Elisabeth may be gone but her steely determination has lived on in Simon. He decided not to have a second ­transplant, which could have involved searching for a new donor, as the transplant meant he now had an even rarer tissue type.

He preferred to take ­medication that would ward off ­infection, and took two types of antibiotic and anti-fungal drugs every day. As the risk of deadly infection returned, Simon was told not to take part in contact sports or swim in the sea.

But he insisted on being allowed to do gymnastics lessons so he could clamber on the climbing frames and tried to join in his friends’ games at every opportunity.

Over the years Simon developed slight fibrosis in his lungs and has been admitted to hospital periodically with a variety of infections. Just before his 18th birthday, the doctors discussed the idea of a second transplant again, but Simon refused. After graduating with from university with a degree in modern languages, Simon signed up to travel the world as a tour leader. His adventures have taken him trekking along the Great Wall Of China and tracking gorillas through the mountain forests of Uganda.

Simon says: “I’m a wildlife fanatic but I can’t go to the zoo as there’s a risk of infection from hay. I went to see the animals in their natural habitat.

Fighter: Like mother like son

“The doctors weren’t very happy about it, but I had my mother’s blood and I wasn’t going to be held back again by my health. I had been given a second chance and I wanted to live life to the full.” That attitude has served Simon well. He won a silver medal as one half of a Latin and ballroom dance ­partnership at the gay Olympic Games in Amsterdam in 1998.

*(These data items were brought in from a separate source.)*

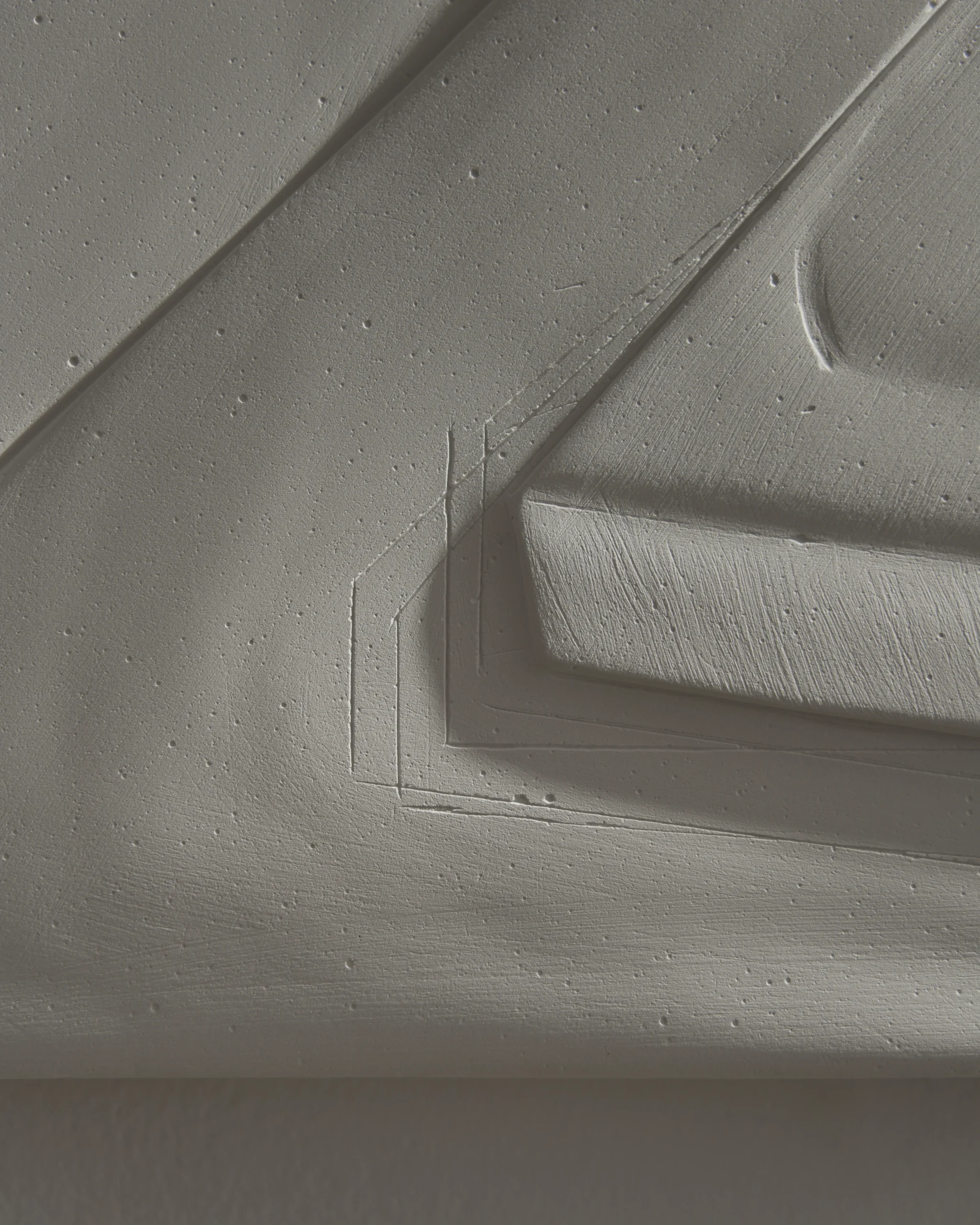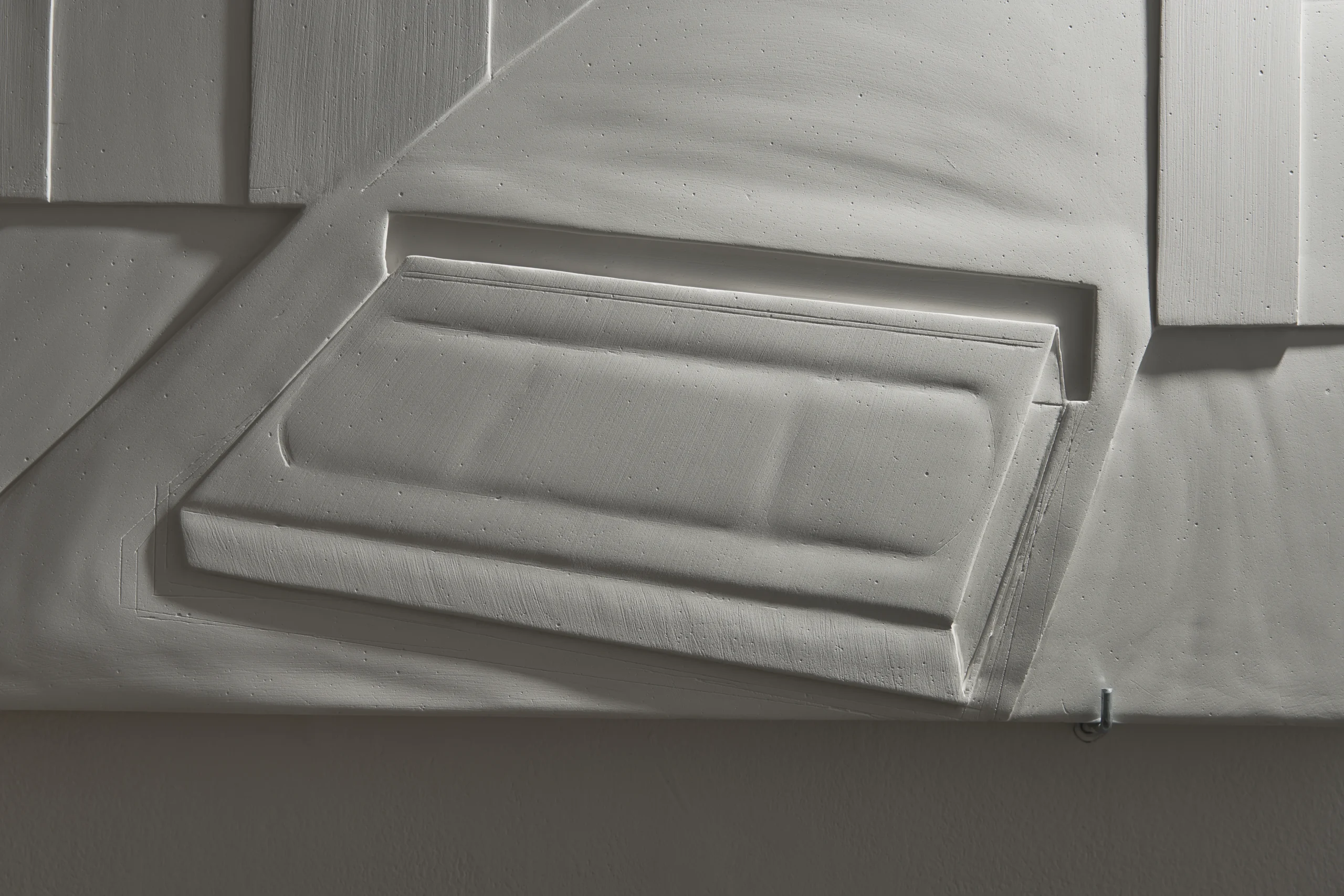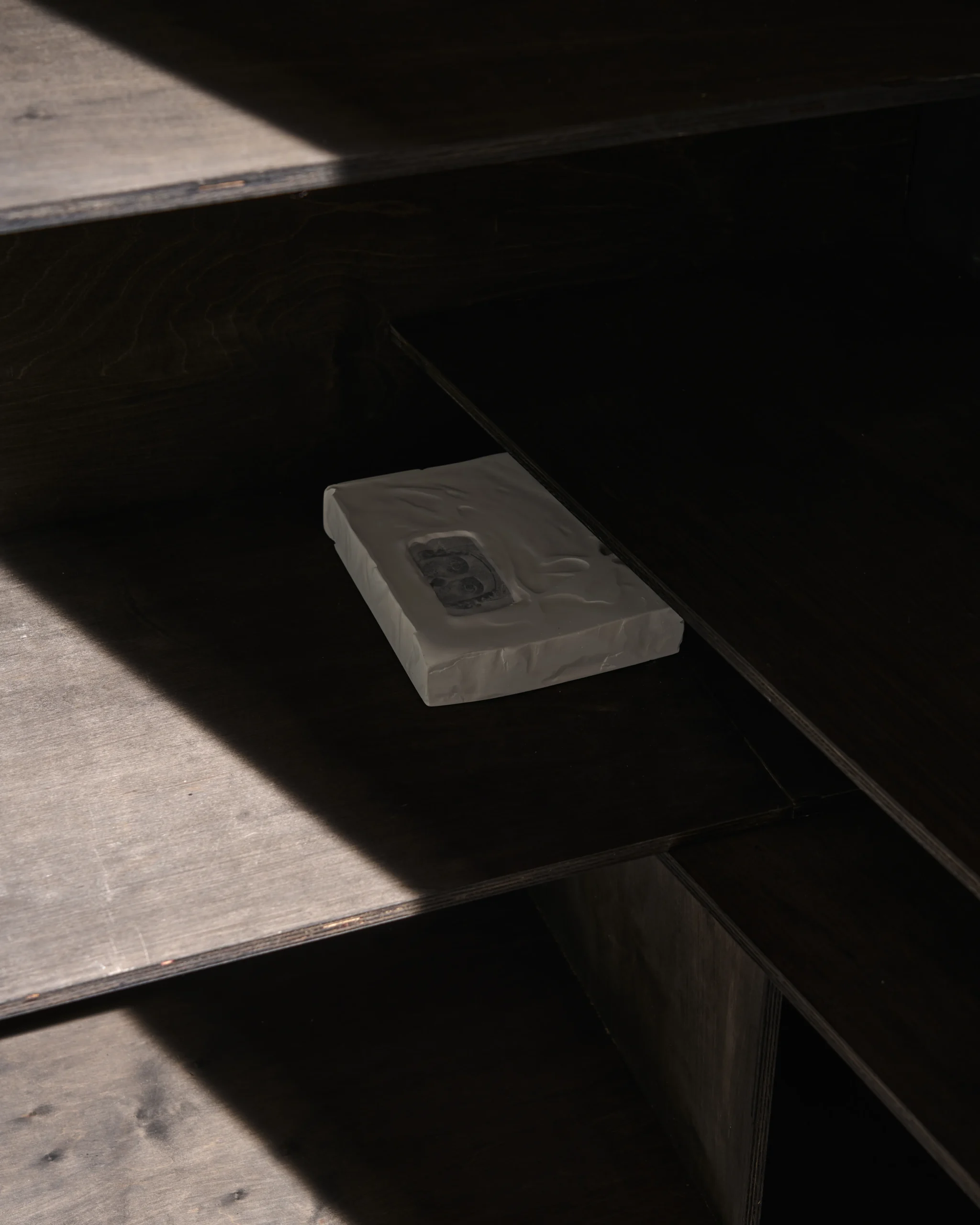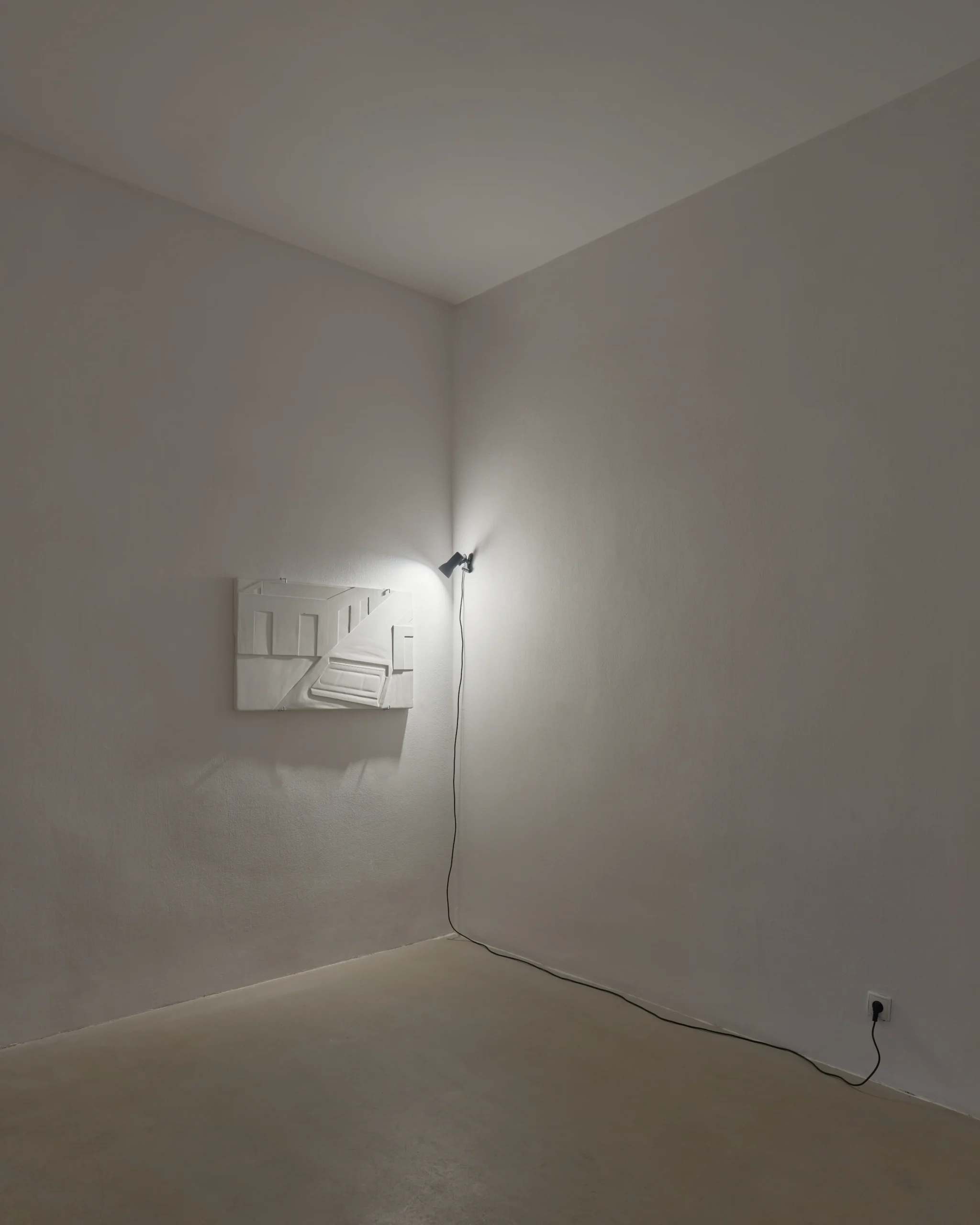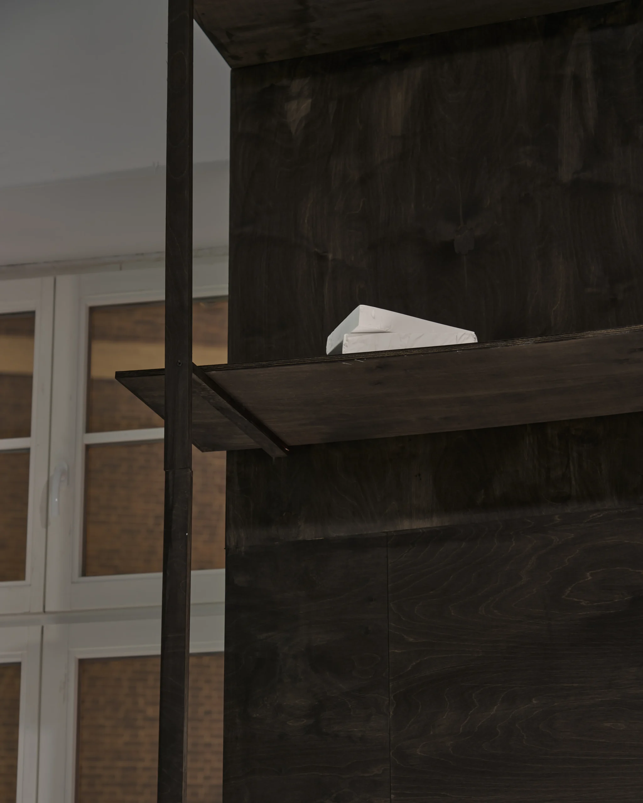 How to grasp something that exists only in fragments? Plaster reliefs and plywood objects employ a language of reduction. They organise weight, rhythm and internal relationships ‒ both within individual works and across the exhibition as a whole. This restrained visual system allows elements typically perceived as cool or distanced to function as carriers of affect and emotional charge. In this way, the exhibition spatialises anxiety and uncertainty, which ‒ like vultures suspended midair – hover above the structure of THE GRAND MEMORY.
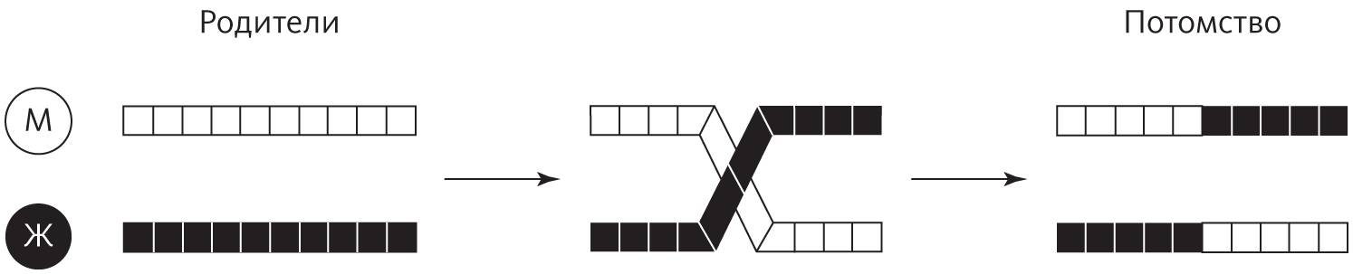 Если снять с полового размножения все лишнее (не хихикайте), останется суть: обмен генетического материала между хромосомами отца и матери. Этот процесс называется кроссинговер, и его результат — появление двух новых хромосом. Первая состоит из материнской хромосомы до точки перекреста, после которой идет отцовская, вторая — наоборот: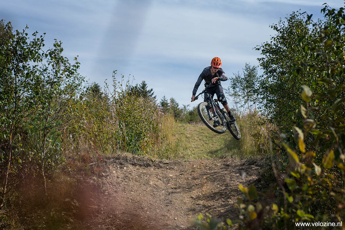 Okay, als het echt steil en stenig wordt is een echte endurobike sneller. En biedt daarbij dan meer vertrouwen en zekerheid. Bij de Stereo HPC 120 moeten de wijsvingers aanmerkelijk eerder aan de rem. Maar ik heb daar eigenlijk niet zo’n probleem mee. In tegenstelling tot veel dikkere bakken verleidt deze speelse trailbike me voortdurend om de randjes van de trail op te zoeken. Om lekker te driften met het achterwiel. Of om het luchtruim te kiezen. De fiets heeft een heerlijke pop. En harde landingen worden behoorlijk goed geabsorbeerd.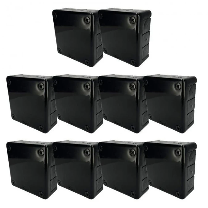 1. Puszka hermetyczna natynkowa 118x118x46mm 12-wlotowa z dławikami gumowymi, IP55 zamknięcie na wkręty czarna EDO 10szt 117.94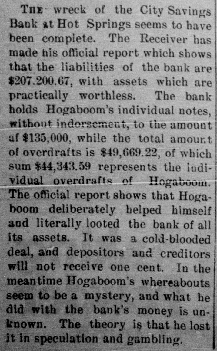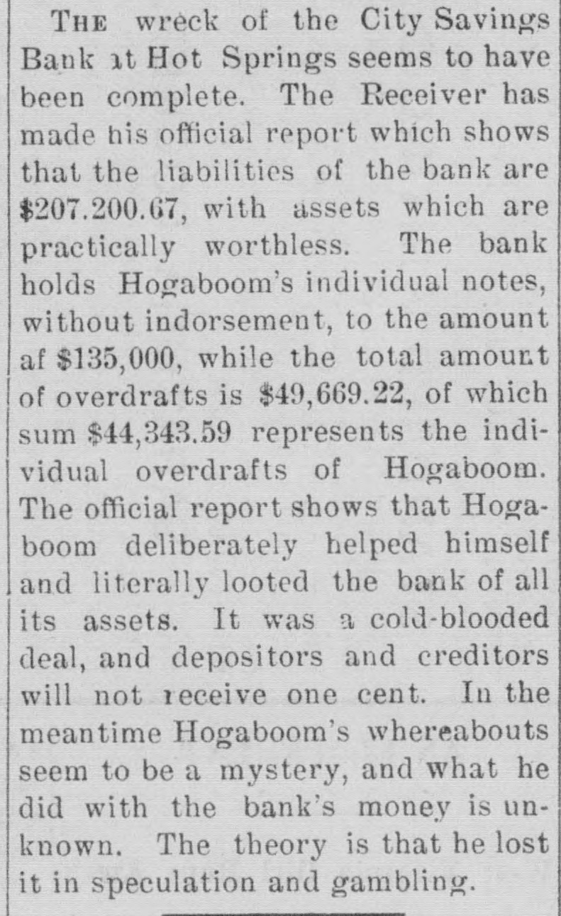 THE wreck of the City Savings Bank at Hot Springs seems to have been complete. The Receiver has made his official report which shows that the liabilities of the bank are $207.200.67, with assets which are practically worthless. The bank holds Hogaboom's individual notes, without indorsement, to the amount af $135,000, while the total amount of overdrafts is $49,669.22, of which sum $44,343.59 represents the Individual overdrafts of Hogaboom. The official report shows that Hogaboom deliberately helped himself and literally looted the bank of all its assets. It was a cold-blooded deal, and depositors and creditors will not receive one cent. In the meantime Hogaboom's whereabouts seem to be a mystery, and what he did with the bank's money is unknown. The theory is that he lost it in speculation and gambling.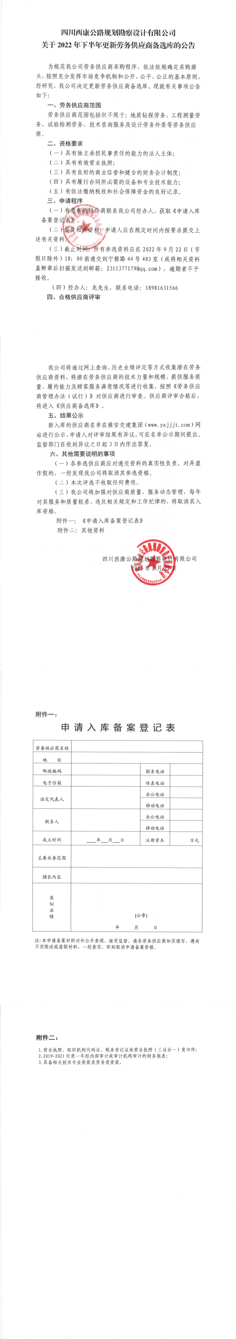 四川西康公路规划勘察设计有限公司关于2022年下半年更新劳务供应商备选库的公告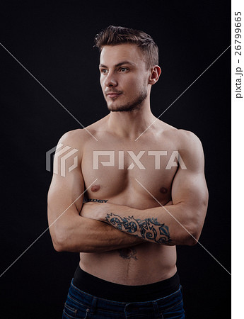 Portrait of athletic smiling tattooed guy. Studio shot, isolated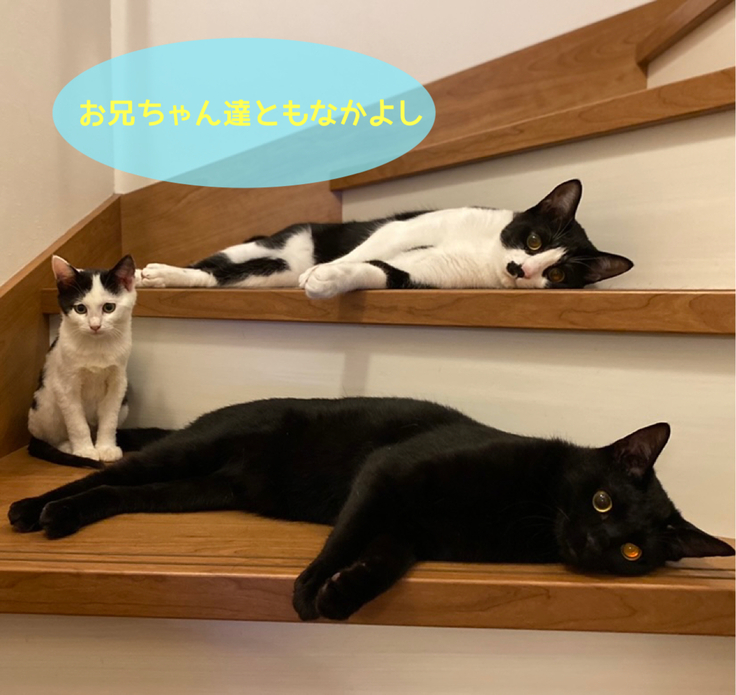 きれいな真っ白な毛が生えてきました。先住猫の保護猫男の子2匹ともすぐ打ち解けて仲良くなりました。避妊手術も無事終わり美人なランちゃんへと成長しました。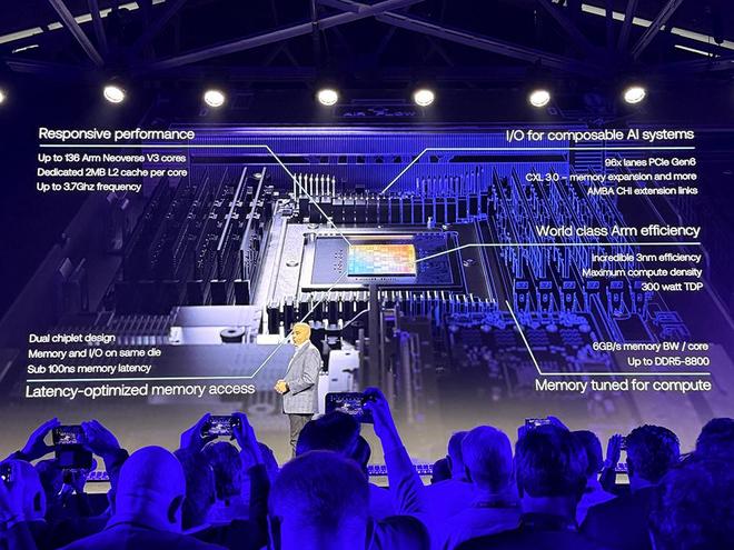 Arm AGI CPU采用台积电3nm工艺,双Chiplet设计,单颗CPU集成了136个高性能核心,配备2MB L2缓存,支持3.7GHz主频,提供每核心6GB/s内存带宽,内存延迟低于100ns,采用96通道PCIe Gen 6接口,支持CXL 3协议,热设计功耗为300W。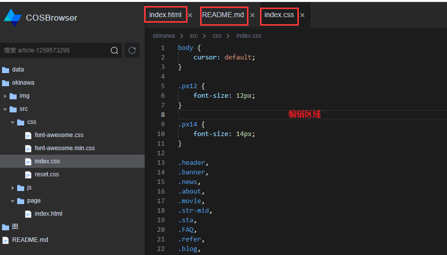 COSBrowser编辑器模式支持对多个文件进行编辑。

His passion for dance also helped him to find love as he met his partner ­Christopher Barrons at a dance group. Simon is now head of operations at Charity Challenge, which ­organises ­fundraising expeditions for charities like Anthony Nolan. It is his way of giving something back to the charities that helped him so much.

He still takes antibiotics every day, but he is healthier than many others with CGD and, as many patients are now treated only with medication, he wonders if that is thanks to the ­transplant he had as a boy, .

Simon says: “I have always lived with the shadow of death hanging over me and even now I know there will be a time when I develop an infection and the doctors won’t be able to cure it.

“I’ve been through a lot of stress and trauma, but I’m grateful for the life I’ve been given because the chances of me surviving were negligible.”

Now helping publicise Anthony Nolan’s 40th anniversary Simon feels it is a real honour to be part of something so special.

Simon says: “Anthony Nolan’s work is so important. The fact we don’t need a worldwide appeal every time a child is born with leukaemia or something similar is wonderful. It offers people hope that they might not have had.”